In chemistry, a dehydration reaction is a conversion that involves the loss of water from the reacting molecule or ion. Dehydration reactions are common processes, the reverse of a hydration reaction. Common dehydrating agents used in organic synthesis include sulfuric acid and alumina. Often dehydration reactions are effected with heating.
The classic example of a dehydration reaction is the Fischer esterification, which involves treating a carboxylic acid with an alcohol in the presence of a dehydrating agent:
- RCO2H + R′OH ⇌ RCO2R′ + H2O
Two monosaccharides, such as glucose and fructose, can be joined together (to form saccharose) using dehydration synthesis. The new molecule, consisting of two monosaccharides, is called a disaccharide.
The process of hydrolysis is the reverse reaction, meaning that the water is recombined with the two hydroxyl groups and the disaccharide reverts to being monosaccharides.
In the related condensation reaction water is released from two different reactants.
In organic synthesis, there are many examples of dehydration reaction, for example dehydration of alcohols or sugars.
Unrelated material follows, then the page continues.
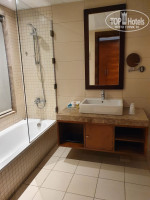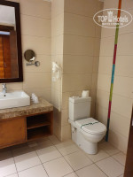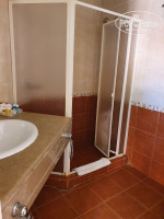 Вообще территория отелей большая, зеленая, красивая. Состоит из основного здания, где расположен ресепшен, лобби бар и главный ресторан, нескольких 3-х этажных жилых корпусов и много бунгало. Бунгало раскиданы по всей территории, состоят из 4 номеров (каждый с отдельным входом) и не имеют балкона. Столик и стулья, которые обычно стоят на балконе, в бунгало просто расположены на улице рядом с входной дверью. Чтоб выйти вечером посидеть на улице, нужно, как минимум, что-то одевать и народ постоянно ходит. Не наш случай. Сам номер в бунгало на наш взгляд какой-то темный и маленький. В ванной угловая душевая кабина, ванны нет.

|Conversion of two alcohols to an ether (substitution)||2 R–OH → R–O–R + H2O|
|Conversion of an acid and an alcohol to an ester (Fischer–Speier esterification)||R−COOH + R'−OH → R−COO−R' + H2O|
|Conversion of an alcohol to alkene (elimination)||R–CH2−CHOH–R → R–CH=CH–R + H2O||for example the conversion of glycerol to acrolein:|
|Conversion of two carboxylic acids an acyl anhydride||2 RCOOH → (RCO)2O + H2O|
|Conversion of an amide to a nitrile||RCONH2 → R–CN + H2O|
Other examples of dehydration synthesis reactions are the formation of triglycerides from fatty acids and the formation of glycosidic bonds between saccharide molecules, such as the formation of maltose from two glucose molecules.